■ **What you should do**
Down to the final line, write out the material beneath exactly, without pictures.
Start of Block
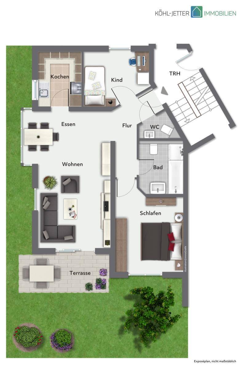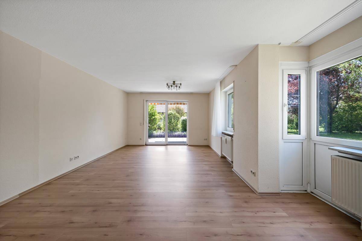 Über den Wohn-/Essbereich gelangen Sie auf den sonnigen Terrassenbereich in Südausrichtung mit Blick ins Grüne. Der angrenzende Gartenbereich steht Ihnen zur gemeinschaftlichen Nutzung zur Verfügung – rundum ein Platz zum Entspannen und Wohlfühlen!
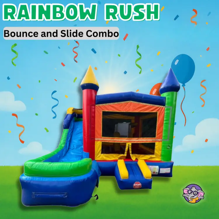 Get ready to experience endless fun with the Rainbow Rush Combo! This exciting inflatable combines the best of both worlds — a spacious bounce house and a thrilling slide — all wrapped in a bright, colorful design that kids love. With its castle-style towers and bold red, blue, green, and yellow colors, Rainbow Rush instantly becomes the centerpiece of any party.
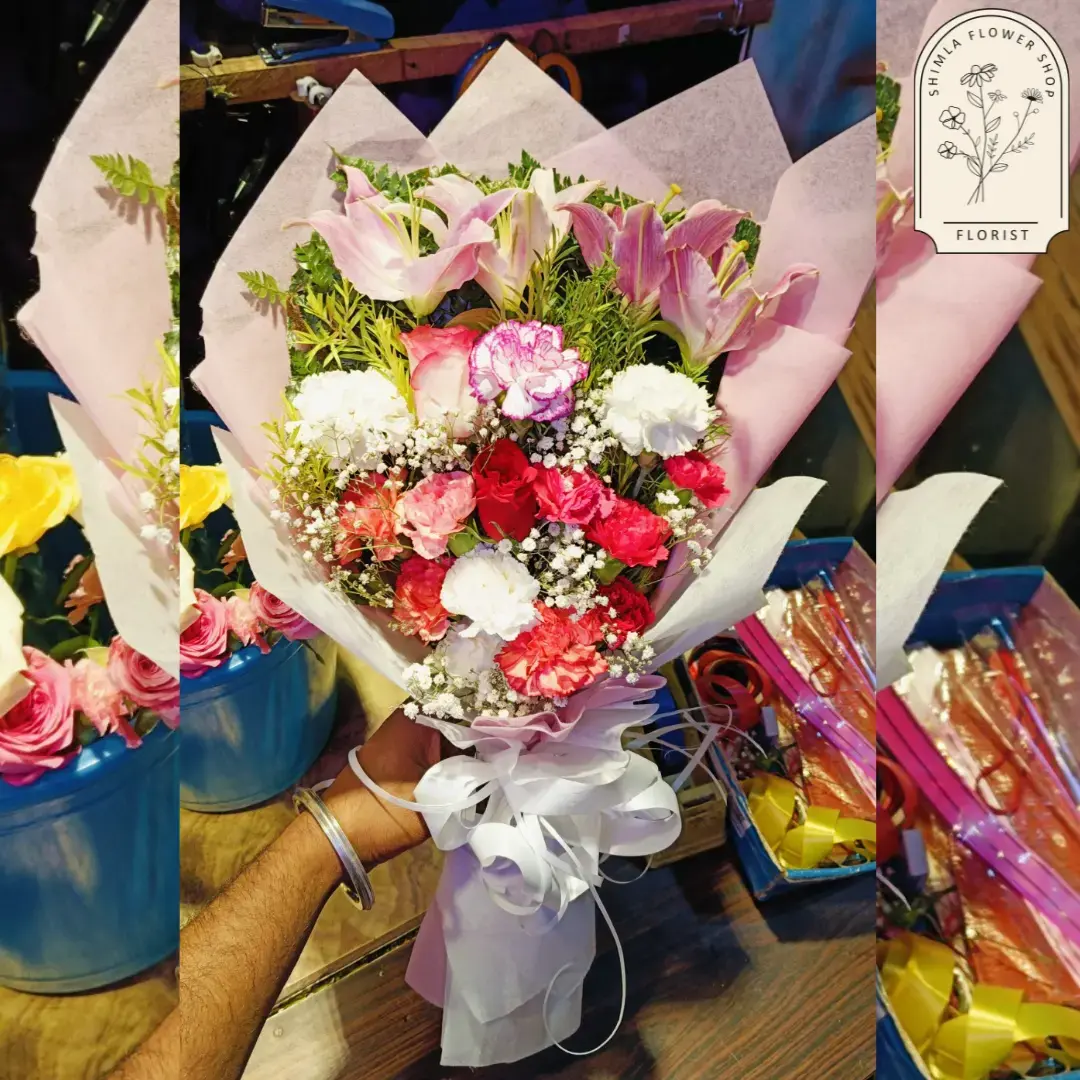 Colour of Flowers: Rose 2, Carnation 13, Lily 1
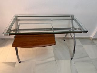 Mesa de ordenador cristal y metal
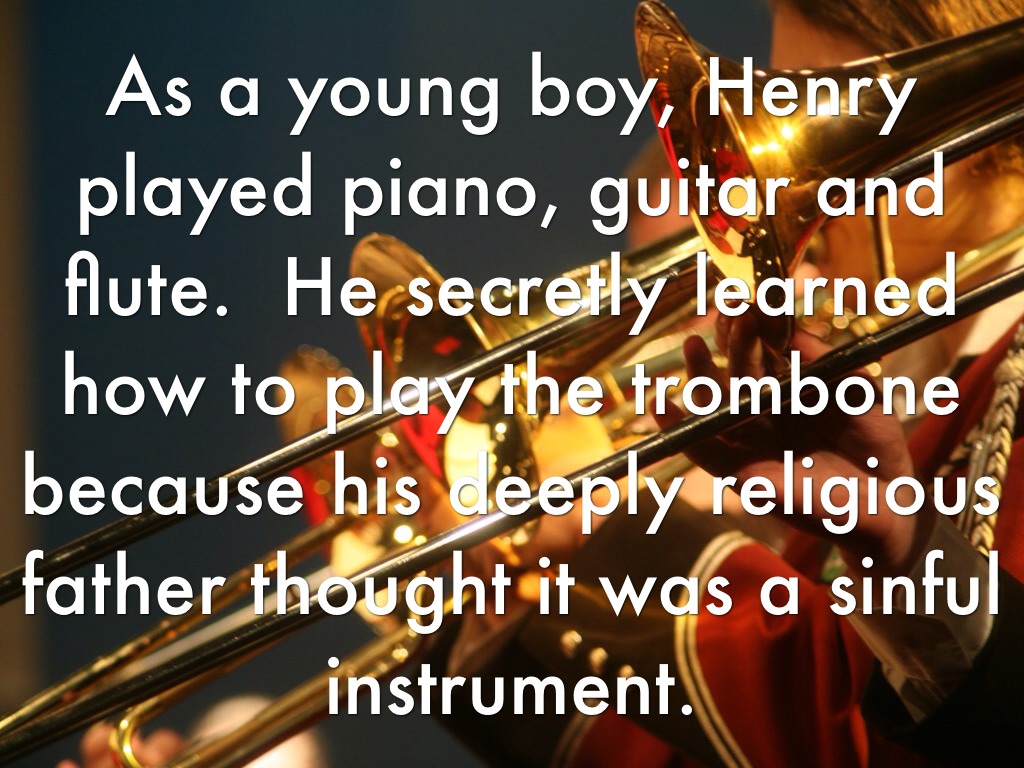 As a young boy, Henry played piano, guitar and flute. He secretly learned how to play the trombone because his deeply religious father thought it was a sinful instrument.
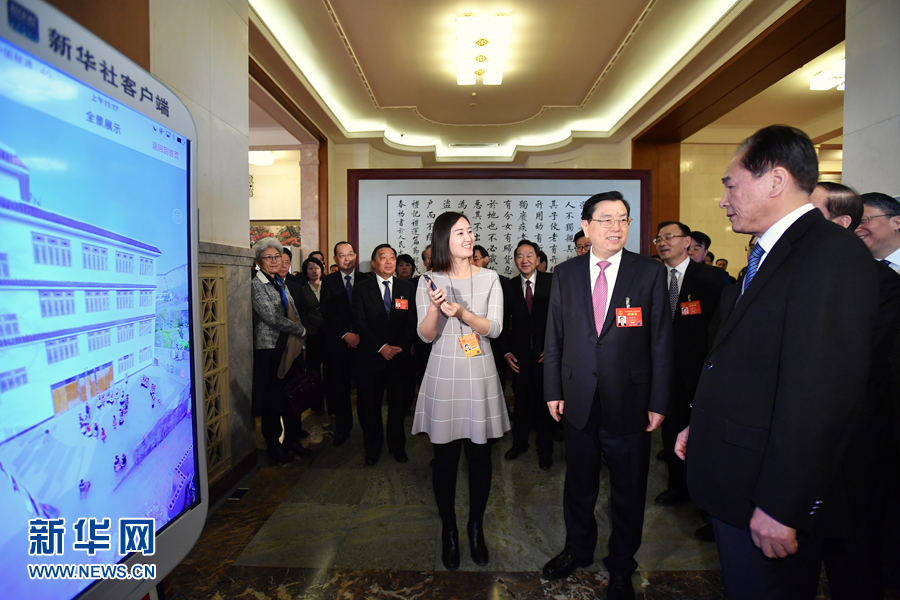 3月14日上午,中共中央政治局常委、全國人大常委會委員長張德江在北京人民大會堂看望參加十二屆全國人大五次會議新聞報道工作的中央主要媒體負責人和工作人員,代表大會主席團向所有參加人大會議報道的新聞工作者表示誠摯慰問和衷心感謝。這是新華社社長蔡名照陪同張德江觀看新華社新聞產品演示。 新華社記者李濤攝
End of Block
■ **Task result**
 Über den Wohn-/Essbereich gelangen Sie auf den sonnigen Terrassenbereich in Südausrichtung mit Blick ins Grüne. Der angrenzende Gartenbereich steht Ihnen zur gemeinschaftlichen Nutzung zur Verfügung – rundum ein Platz zum Entspannen und Wohlfühlen!
 Get ready to experience endless fun with the Rainbow Rush Combo! This exciting inflatable combines the best of both worlds — a spacious bounce house and a thrilling slide — all wrapped in a bright, colorful design that kids love. With its castle-style towers and bold red, blue, green, and yellow colors, Rainbow Rush instantly becomes the centerpiece of any party.
 Colour of Flowers: Rose 2, Carnation 13, Lily 1
 Mesa de ordenador cristal y metal
 As a young boy, Henry played piano, guitar and flute. He secretly learned how to play the trombone because his deeply religious father thought it was a sinful instrument.
 3月14日上午,中共中央政治局常委、全國人大常委會委員長張德江在北京人民大會堂看望參加十二屆全國人大五次會議新聞報道工作的中央主要媒體負責人和工作人員,代表大會主席團向所有參加人大會議報道的新聞工作者表示誠摯慰問和衷心感謝。這是新華社社長蔡名照陪同張德江觀看新華社新聞產品演示。 新華社記者李濤攝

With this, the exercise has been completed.